Вероятно, самой большой загадкой оказалась для гостей сама хозяйка, которую нельзя было узнать среди важных дам, женщин-птиц с оголенной грудью, канатоходцев в длинных белых чулках и коротких юбках, степенных монашек с неприлично глубокими декольте и пестро разодетых цыганок. Единственное, что могло выдать Эдиту – это ее молодость, но венецианки в совершенстве владели средствами для того, чтобы скрыть свой настоящий возраст.
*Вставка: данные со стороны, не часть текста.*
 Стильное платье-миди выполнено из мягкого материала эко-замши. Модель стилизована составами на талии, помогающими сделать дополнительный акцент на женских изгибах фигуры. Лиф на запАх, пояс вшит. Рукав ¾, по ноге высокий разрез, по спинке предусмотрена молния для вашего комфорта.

С недавнего времени особым спросом стали пользоваться маски, изображавшие современников, таких как члены Совета Десяти, инквизитор или палач, лица которых знали все. В этом сезоне особенно популярен был исчезнувший Глава Доменико Лазарини, одежду которого легко можно было скопировать и которого все ненавидели. На некоторых карнавалах можно было встретить троих, а то и четверых Лазарини, которые соревновались между собой в том, кто более всех похож на оригинал.

Тем более значимым показалось гостям донны Эдиты то, что никто не захотел надеть костюм Лазарини. Зато всеобщее внимание привлек дож Франческо Фоскари, одетый в черные как смоль одежды. На голове у него была красная шапка с клапанами величиной с лопасть весла гондольера, закрывавшими уши, чтобы в них не шумело. То, что понравилось противникам дожа, вызвало презрение у приверженцев Фоскари, но как одни, так и другие не отважились выказать свое злорадство или недовольство.
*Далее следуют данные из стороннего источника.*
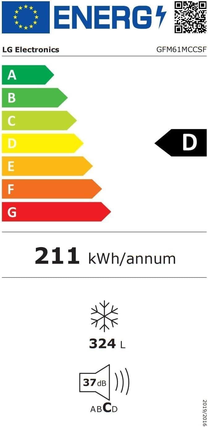 Einzelheiten: LG GFM61MCCSF, Klasse C, 324 L, Gefriergerät mit Touchdisplay, XXL-Stauraum, DoorCooling+, LINEARCooling, Wi-Fi ꟷ Matte Black

Маскарадам и подготовке к ним в Венеции уделяли больше внимания, чем в любом другом городе, поскольку это иногда была единственная возможность проявить свои политические симпатии. Ведь тот, чья маска становилась посмешищем, не мог быть приверженцем того, кого она изображала.

В салоне, в который Даниэль Доербек некогда запрещал входить, квартет, состоявший из флейты, лиры, гамбы и ударных, играл веселый танец, спровождаемый криками. Нелепость танца заключалась в последовательности па: после трех коротеньких шажков непременно следовал прыжок. Когда пышные формы той или иной донны выпадали при этом из выреза платья, это вызывало бурю смеха.
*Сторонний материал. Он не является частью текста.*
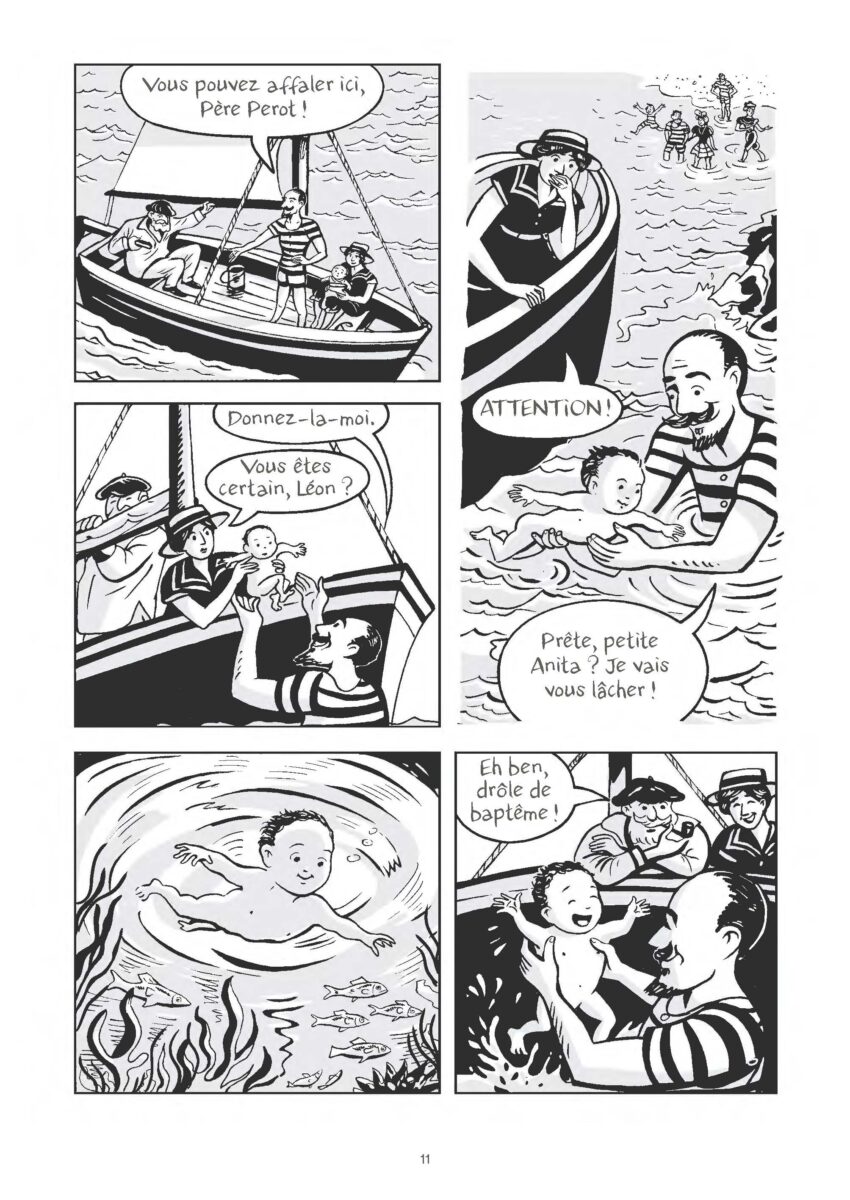 On aime le dessin identifié de Catel, son encrage, ses formes arrondies et douces. Cette fois-ci le défi était de dessiner la mer, la pêche sous l’oeil vigilant, avisé et critique, d’anciens patrons de pêche fécampois notamment. Seule entorse au dessin habituel, l’évocation des photos prises par Anita Conti, dont les célèbres portraits de Eugéne Recher, ou les scènes de pêche sur les ponts de navire chahutés par la tempête: le stylo et les traits fins remplacent les aplats noirs et ronds.

Такой человек, как адвокат Чезаре Педроччи, появившийся в маске дракона и в костюме из зеленой кожи в виде чешуи, не мог остаться неузнанным, поскольку хромал он даже в обличье дракона. Зато одетый фокусником судовладелец Пьетро ди Кадоре, который, как всем было известно, ненавидел музыку, как только в ней появлялось больше трех тактов, выдал себя, поскольку танец с криками содержал пять музыкальных тактов. Это заставило ди Кадоре остановиться посреди веселья и оттащить свою даму, монахиню легкого поведения, к дивану и оттуда сидя наблюдать за всеобщим весельем. Впрочем, можно было только догадываться о том, кто скрывается за одеждами мамелюка, веселой девушки или шута.

С потолка комнаты свисала люстра из стекла с сотней или больше свечей, и искрящийся свет окутывал все общество сказочными огнями. Зеркала на стенах делали свое дело, умножая золотистое свечение и блеск. На длинных столах стояло множество блюд на выбор: птица – куропатки и фазаны, которых можно было настрелять на охоте в это время года на равнинах Венетии; жареная рыба и морепродукты; сдоба, которой всегда славились повара Серениссимы; маринованные овощи в глиняных горшочках; свежие фрукты из Африки и с Востока. Донна Эдита показала себя радушной хозяйкой.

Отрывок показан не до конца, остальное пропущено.